I'm looking for a little inspiration and experience here.

We have a customer that has about 400 interfaces and he'd like to get an
overview of "How these interfaces are doing". When there are more than
about 15-20, looking at each individual graph simply brakes down.

My user wants an idea of what the "normal" situation is, and information
about the worst outliers / extreme cases.

Looking at average and standard deviation is a possibility, but most of my
users (and I) really have no good intuitive feeling for what standard
deviation really "means". Plus "outlier/extreme" information is lost.

I've seen that smokeping does something interesting, see e.g.

Loading Image...

The "historgram" approach where darker grey implies more datapoints in this
"region" could be cool. This gives the overview. Have no idea how this is
accomplished, though.

I was thinking of using a "histogram" approach like above overlayed with
showing the actual graphs of the N worst outliers/extremes.
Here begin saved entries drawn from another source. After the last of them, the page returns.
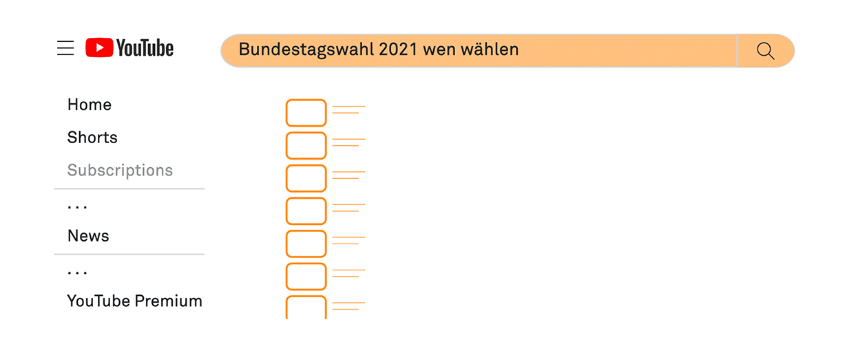 When a user types something in the search bar on YouTube, the website suggests a list of videos related to the search. For the search function experiment several political or federal election-related terms such as ‘Scholz’, ‘Baerbock’, ‘Laschet’, ‘Gendern’ (i.e. using gender-inclusive language), ‘Hochwasser’ (i.e. flood), ‘Impfpflicht’ (i.e. mandatory vaccination), and ‘Bundestagswahl 2021 wen wählen’ (i.e. federal election 2021, who to vote for) were selected. We looked at the first ten video suggestions for these seven search queries, first when the users were logged in, and then when they were logged out of their account. This enabled us to compare the results across different users, as well as across login/logout statuses for each user.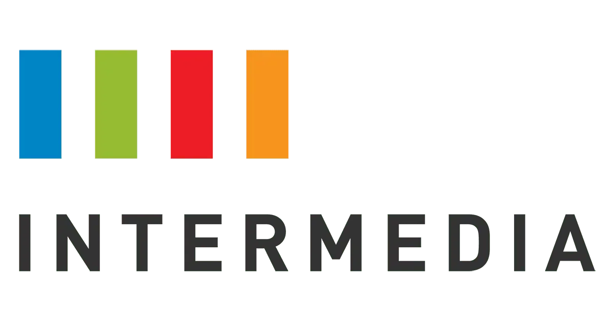 Logo with five vertical color bars in blue, green, red, brown, and orange above the word "INTERMEDIA" in black text.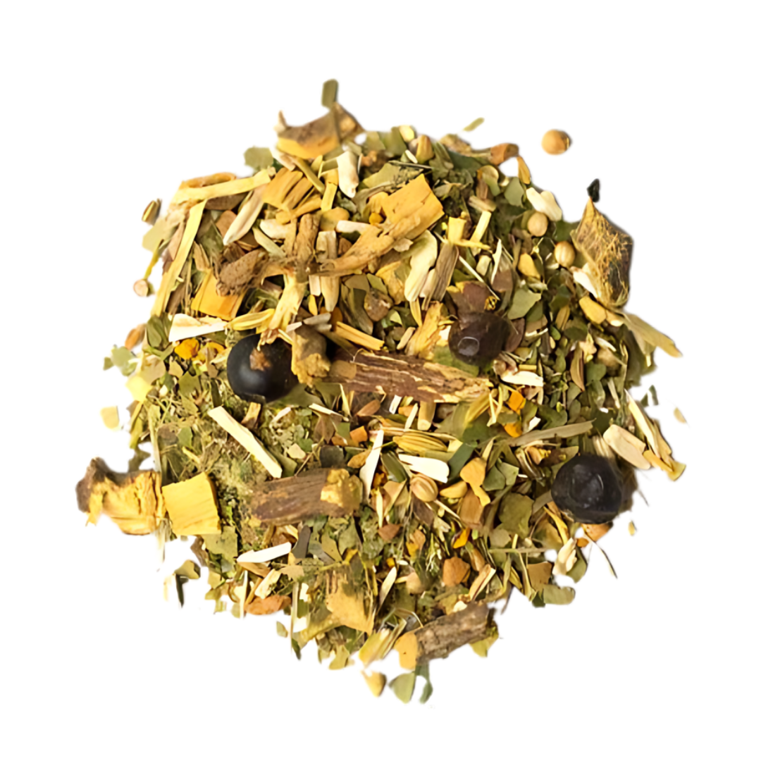 Ingredienti: Yerba Mate (50%), Salvia, Liquirizia, Cannella, Coriandolo, Ginepro, Tarassaco, Curcuma, Zenzero, Finocchio, Anice Grano e Curcuma.

But that
implies lots of scripting and analysis to create the histogram (I'm
guessing) and to identify the outliers.

So: What have you guys done when creating an overview of many statistics?
I'll leave you with this picture from the gallery:

Loading Image...

This is exactly the situation I want to avoid....

Sincerely,

Peter

--
Peter Valdemar MÃžrch
http://www.morch.com

Alex van den Bogaerdt

2015-05-29 10:38:08 UTC

Permalink

I would generate a number of squares, showing either green, amber or red.
Clicking on a square of interest would bring up detailed information for
that interface (together with an RRDtool graph).

The layout of the squares depend on what I'm looking at. It could be a
geographic map, a network map, or even just a matrix of 32 columns by as
many rows as needed.

All green is all good.

I would NOT include logic which compares one interface to the others. Bad is
still bad, even if other interfaces are also bad. If all interfaces are
doing equally bad, you would want to show all red, not all green.
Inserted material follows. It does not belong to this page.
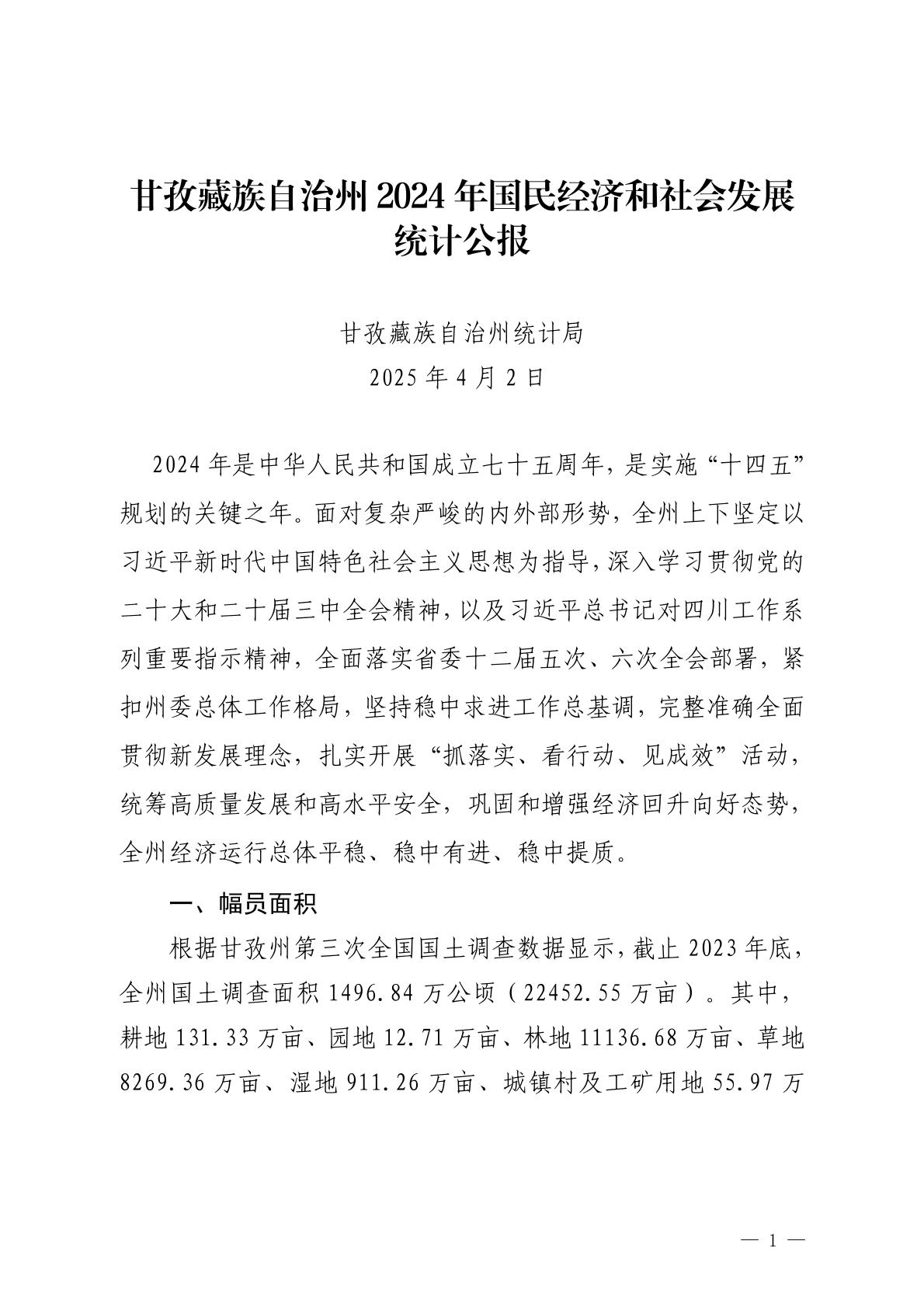 2024年四川省甘孜藏族自治州人民政府國民經(jīng)濟(jì)和社會(huì)發(fā)展統(tǒng)計(jì)公報(bào)(2025年更新)

Squares could show information from the last hour and last hour only. Or, if
so desired, a gradient from red to green, as a relative percentage of good
vs. bad. over the last 24 hours or so.
Squares could be divided into 2 or 4 triangles, showing independent
variables.
There will be some point where adding more information to the overview
results in less readability.

Defining 'normal', 'not so good' and 'really bad' is a challenge which needs
to be determined together with the customer. After all, these are his
interfaces and his expectations. Bandwidth utilisation near 100% and packet
loss would probably be important factors to make decisions. Maybe each
interface could have its own set of limits.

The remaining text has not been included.